▶ **AIM OF THE TASK**:
Look below for the line with "A Polícia Rodoviária" and the line with "دلوقتي مع Grffin". Copy exactly those two lines and every line between, but not the pictures.
(INFORMATION PROVIDED begins)
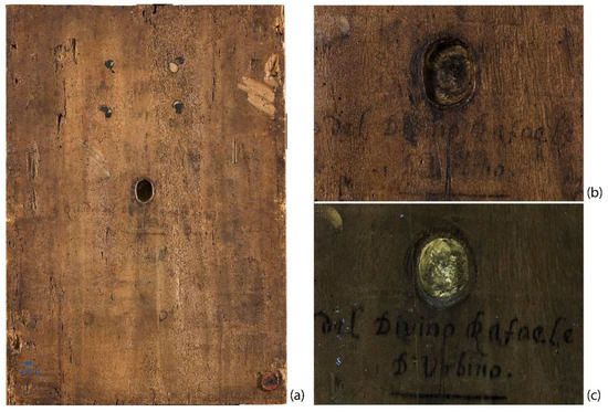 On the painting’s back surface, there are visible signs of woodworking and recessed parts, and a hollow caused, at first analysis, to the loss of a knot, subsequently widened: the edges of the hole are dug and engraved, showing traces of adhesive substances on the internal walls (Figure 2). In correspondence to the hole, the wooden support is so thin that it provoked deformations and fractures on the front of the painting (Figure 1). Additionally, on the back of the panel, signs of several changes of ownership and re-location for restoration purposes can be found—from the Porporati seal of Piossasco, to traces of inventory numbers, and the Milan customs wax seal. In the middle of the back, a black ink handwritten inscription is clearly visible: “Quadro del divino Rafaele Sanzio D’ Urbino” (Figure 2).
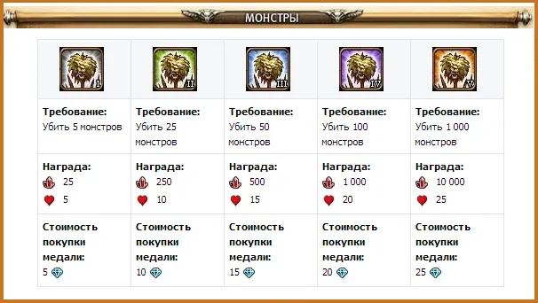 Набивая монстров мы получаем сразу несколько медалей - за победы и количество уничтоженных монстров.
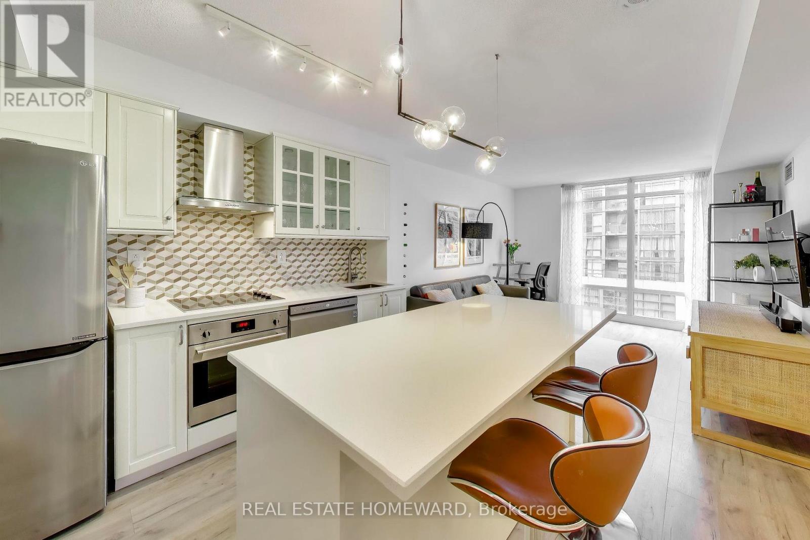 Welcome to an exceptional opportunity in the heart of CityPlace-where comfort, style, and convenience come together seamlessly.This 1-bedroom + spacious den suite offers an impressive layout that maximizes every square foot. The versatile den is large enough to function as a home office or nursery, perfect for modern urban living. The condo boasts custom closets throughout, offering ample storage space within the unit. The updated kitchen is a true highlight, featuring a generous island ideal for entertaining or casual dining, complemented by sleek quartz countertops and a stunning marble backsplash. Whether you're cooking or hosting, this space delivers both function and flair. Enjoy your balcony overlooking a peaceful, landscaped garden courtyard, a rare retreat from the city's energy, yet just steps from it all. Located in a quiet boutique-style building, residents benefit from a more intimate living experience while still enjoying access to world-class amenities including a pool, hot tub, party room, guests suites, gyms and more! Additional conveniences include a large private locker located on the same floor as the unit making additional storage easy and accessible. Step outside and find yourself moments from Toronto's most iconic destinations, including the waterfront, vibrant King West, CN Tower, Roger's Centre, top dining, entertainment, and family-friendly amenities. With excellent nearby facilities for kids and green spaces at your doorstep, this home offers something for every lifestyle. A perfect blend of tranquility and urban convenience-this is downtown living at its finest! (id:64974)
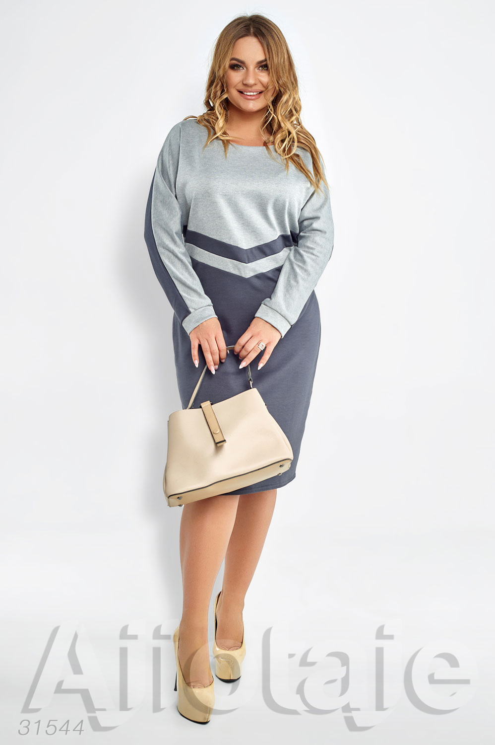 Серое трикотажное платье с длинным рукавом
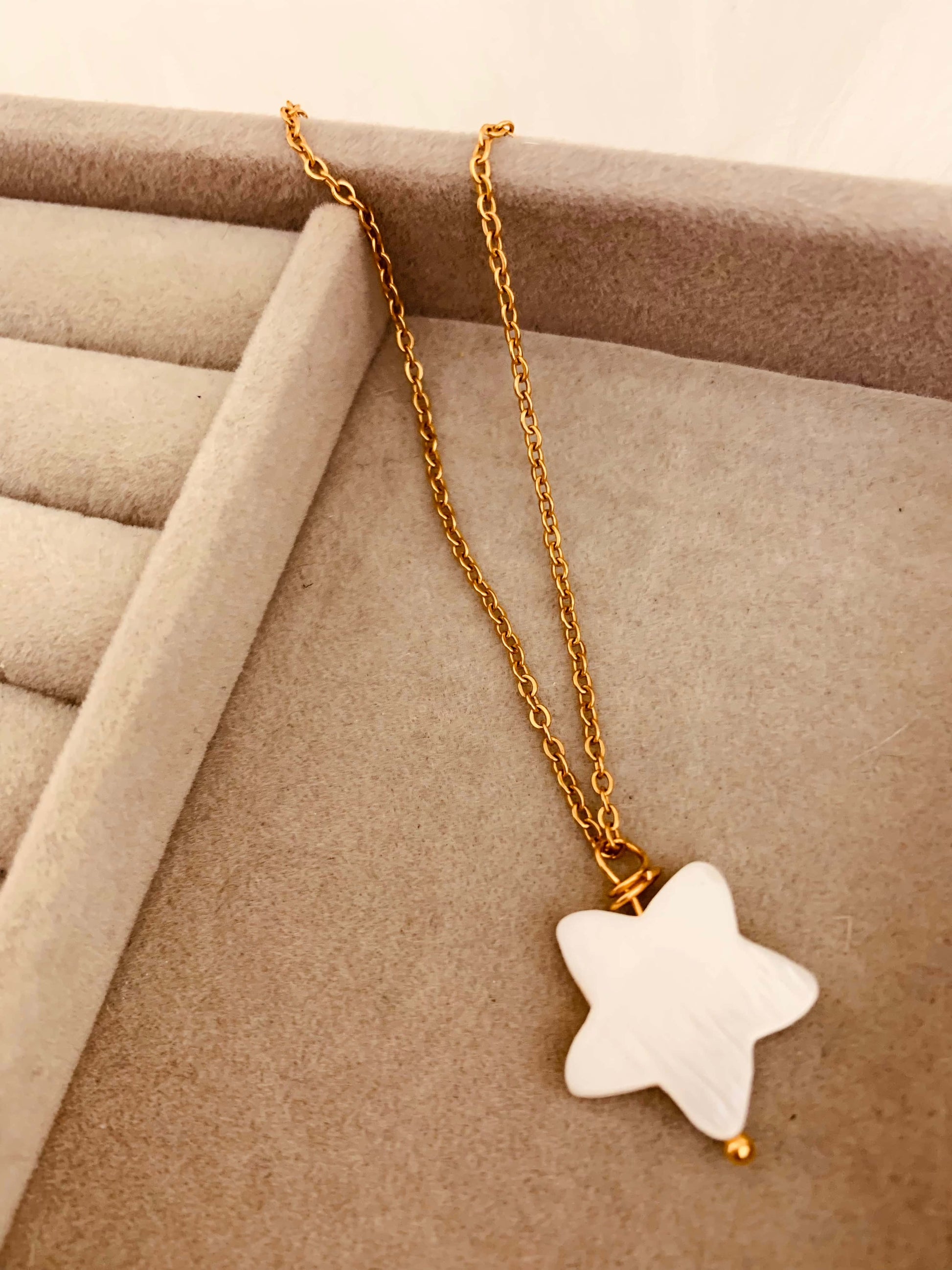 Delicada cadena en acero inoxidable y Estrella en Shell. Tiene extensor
(INFORMATION PROVIDED ends)
(INFORMATION PROVIDED begins)
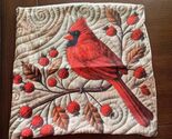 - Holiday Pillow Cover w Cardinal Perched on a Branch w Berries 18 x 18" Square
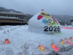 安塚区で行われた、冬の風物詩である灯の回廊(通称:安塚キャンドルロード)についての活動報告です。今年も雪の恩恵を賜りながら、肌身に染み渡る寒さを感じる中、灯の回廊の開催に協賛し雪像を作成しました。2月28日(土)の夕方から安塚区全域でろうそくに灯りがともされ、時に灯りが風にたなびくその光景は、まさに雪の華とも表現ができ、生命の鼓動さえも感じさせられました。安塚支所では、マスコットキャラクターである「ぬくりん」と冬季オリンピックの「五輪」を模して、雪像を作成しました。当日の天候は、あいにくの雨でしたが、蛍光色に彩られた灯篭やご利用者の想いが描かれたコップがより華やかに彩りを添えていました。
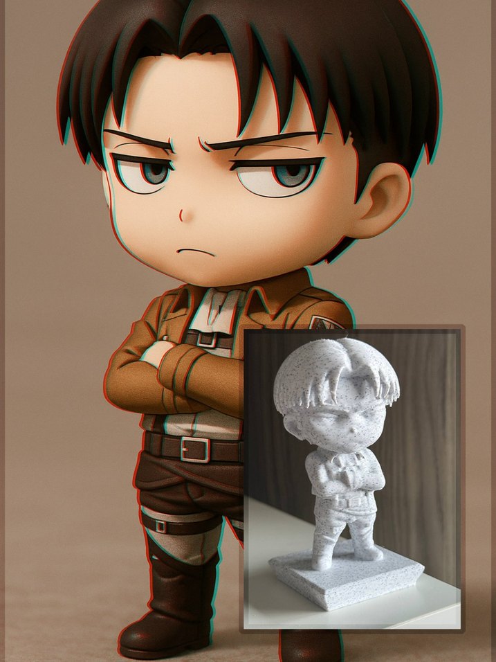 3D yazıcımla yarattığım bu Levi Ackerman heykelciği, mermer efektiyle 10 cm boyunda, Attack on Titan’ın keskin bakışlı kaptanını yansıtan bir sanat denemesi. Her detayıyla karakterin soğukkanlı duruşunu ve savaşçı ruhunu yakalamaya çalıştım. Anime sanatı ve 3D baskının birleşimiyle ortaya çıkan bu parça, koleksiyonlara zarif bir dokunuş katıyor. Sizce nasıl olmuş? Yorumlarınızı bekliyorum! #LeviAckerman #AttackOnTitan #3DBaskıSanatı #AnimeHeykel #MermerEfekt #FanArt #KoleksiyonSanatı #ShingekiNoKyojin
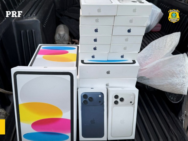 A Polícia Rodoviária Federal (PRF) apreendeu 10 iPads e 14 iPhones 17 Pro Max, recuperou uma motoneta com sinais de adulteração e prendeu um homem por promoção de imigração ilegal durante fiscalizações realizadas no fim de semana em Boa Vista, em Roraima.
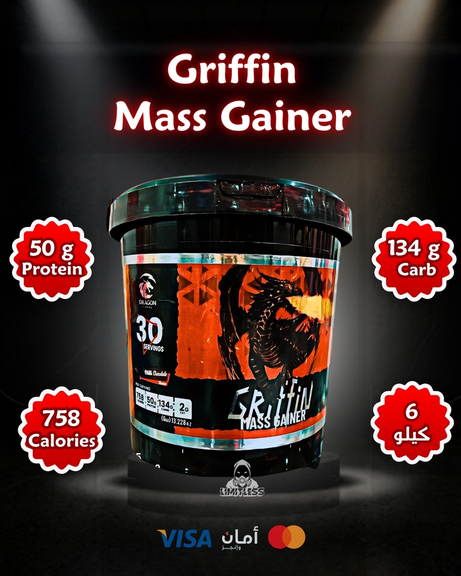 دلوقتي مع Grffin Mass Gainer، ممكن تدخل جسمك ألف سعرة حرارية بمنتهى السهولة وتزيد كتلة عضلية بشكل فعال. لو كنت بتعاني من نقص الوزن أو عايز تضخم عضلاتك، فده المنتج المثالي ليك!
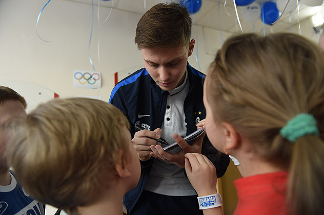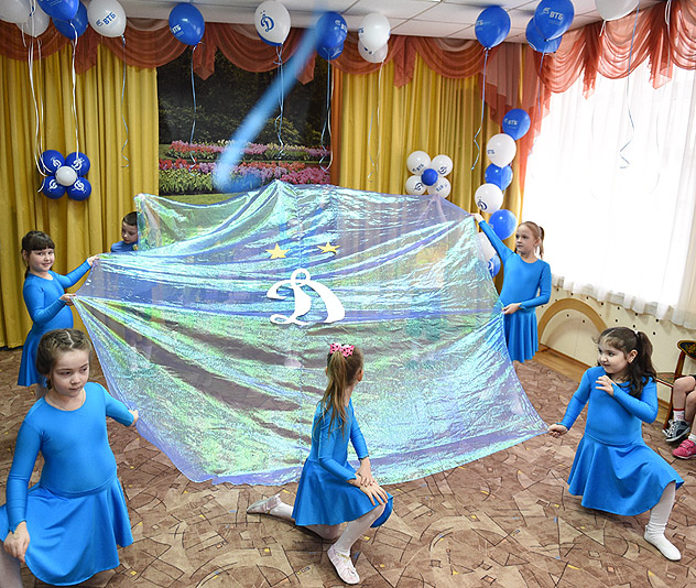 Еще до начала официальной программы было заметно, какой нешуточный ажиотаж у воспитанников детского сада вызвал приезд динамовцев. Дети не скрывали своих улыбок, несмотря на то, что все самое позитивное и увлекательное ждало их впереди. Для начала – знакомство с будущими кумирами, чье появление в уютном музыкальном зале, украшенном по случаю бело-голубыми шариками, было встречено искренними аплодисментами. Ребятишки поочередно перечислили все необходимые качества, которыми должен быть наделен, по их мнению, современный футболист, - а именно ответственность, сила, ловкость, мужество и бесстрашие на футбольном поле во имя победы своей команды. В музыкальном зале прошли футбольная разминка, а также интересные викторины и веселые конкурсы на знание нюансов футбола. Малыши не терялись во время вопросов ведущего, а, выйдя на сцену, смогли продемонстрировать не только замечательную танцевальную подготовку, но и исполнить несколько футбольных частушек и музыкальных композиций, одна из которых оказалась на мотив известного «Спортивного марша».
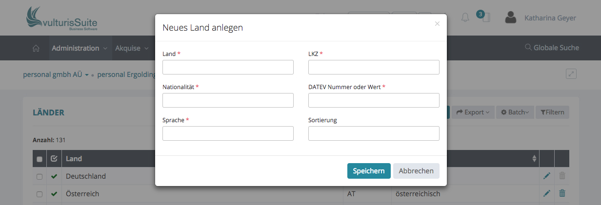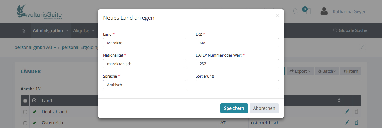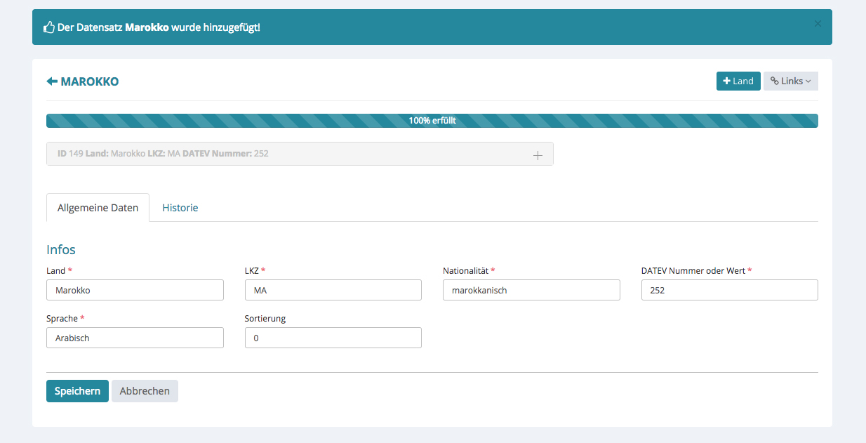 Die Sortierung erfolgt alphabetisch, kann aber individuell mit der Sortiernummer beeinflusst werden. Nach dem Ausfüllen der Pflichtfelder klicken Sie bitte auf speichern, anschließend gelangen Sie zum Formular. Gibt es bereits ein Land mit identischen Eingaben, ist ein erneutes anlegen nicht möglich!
(INFORMATION PROVIDED ends)
▶ **FINISHED EXERCISE**:
 A Polícia Rodoviária Federal (PRF) apreendeu 10 iPads e 14 iPhones 17 Pro Max, recuperou uma motoneta com sinais de adulteração e prendeu um homem por promoção de imigração ilegal durante fiscalizações realizadas no fim de semana em Boa Vista, em Roraima.
 دلوقتي مع Grffin Mass Gainer، ممكن تدخل جسمك ألف سعرة حرارية بمنتهى السهولة وتزيد كتلة عضلية بشكل فعال. لو كنت بتعاني من نقص الوزن أو عايز تضخم عضلاتك، فده المنتج المثالي ليك!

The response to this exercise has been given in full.